If they opened it multiple times in the same day, that's a strong signal they're actively deciding. In that moment, a phone call can close the job in five minutes.

Getting the Client to Sign from Their Phone

Paper signature has friction. The client has to print, physically sign, scan, and send it back to you. Each step is an opportunity to put it off until tomorrow.

With an estimate sent as a link, the client can sign with their finger right on their phone screen the moment they decide to move forward. No extra steps, no leaving where they are.

When the client signs from the link:

  • You get an instant notification.
  • The document is recorded with date, time, and signatory information.
  • The estimate status updates to "Accepted."
  • You can immediately generate the deposit invoice from the same project.

The Full Flow: From Text to Work Started

Do the site visit and take notes on the scope.

Build the estimate in Presupix with line items, pricing, and payment terms.

Generate the estimate link from Presupix.

Send the link via text with the three-sentence message.

The system notifies you when the client opens the link.

Follow up at 48 hours if no response.

Client signs from the link.

Issue the deposit invoice.

Client pays the deposit.

Work begins.

The entire process from sending the estimate to having a signed agreement can happen in under 24 hours — no paper, no waiting, no "I'll sign it when I find a printer."

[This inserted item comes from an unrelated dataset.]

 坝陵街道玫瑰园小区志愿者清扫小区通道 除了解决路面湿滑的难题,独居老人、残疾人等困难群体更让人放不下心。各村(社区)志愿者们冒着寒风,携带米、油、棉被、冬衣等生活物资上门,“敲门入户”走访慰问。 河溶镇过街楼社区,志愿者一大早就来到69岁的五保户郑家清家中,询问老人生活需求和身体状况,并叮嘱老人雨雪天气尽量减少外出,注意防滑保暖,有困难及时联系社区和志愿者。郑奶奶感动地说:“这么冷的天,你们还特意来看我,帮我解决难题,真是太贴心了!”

What If the Client Prefers Paper

Not every client is comfortable with digital signatures. If they want paper, that's fine — print the PDF, sign in person, keep a copy. But in practice, once you explain that they can sign with their finger in ten seconds without going anywhere, most people prefer that option.

A good way to present it: "You can sign it right from the link if that's easier, or I can bring it by and we can do it in person — whatever works for you."

You give them options. They pick the easier one.

Why This Matters More Than It Seems

Speed to close matters. Between the moment a client decides they want to move forward and the moment they actually sign, there's a window during which they can change their mind, receive a competing estimate, or simply let momentum die.

Shrinking that window — removing the print/scan/return step — is a real competitive advantage in a market where most contractors still rely on PDF attachments and paper signatures.

Texting your estimate isn't unprofessional — it's practical. What matters isn't the channel, it's that the document is clear, the acceptance process is frictionless, and the client can say yes from where they are, when they decide.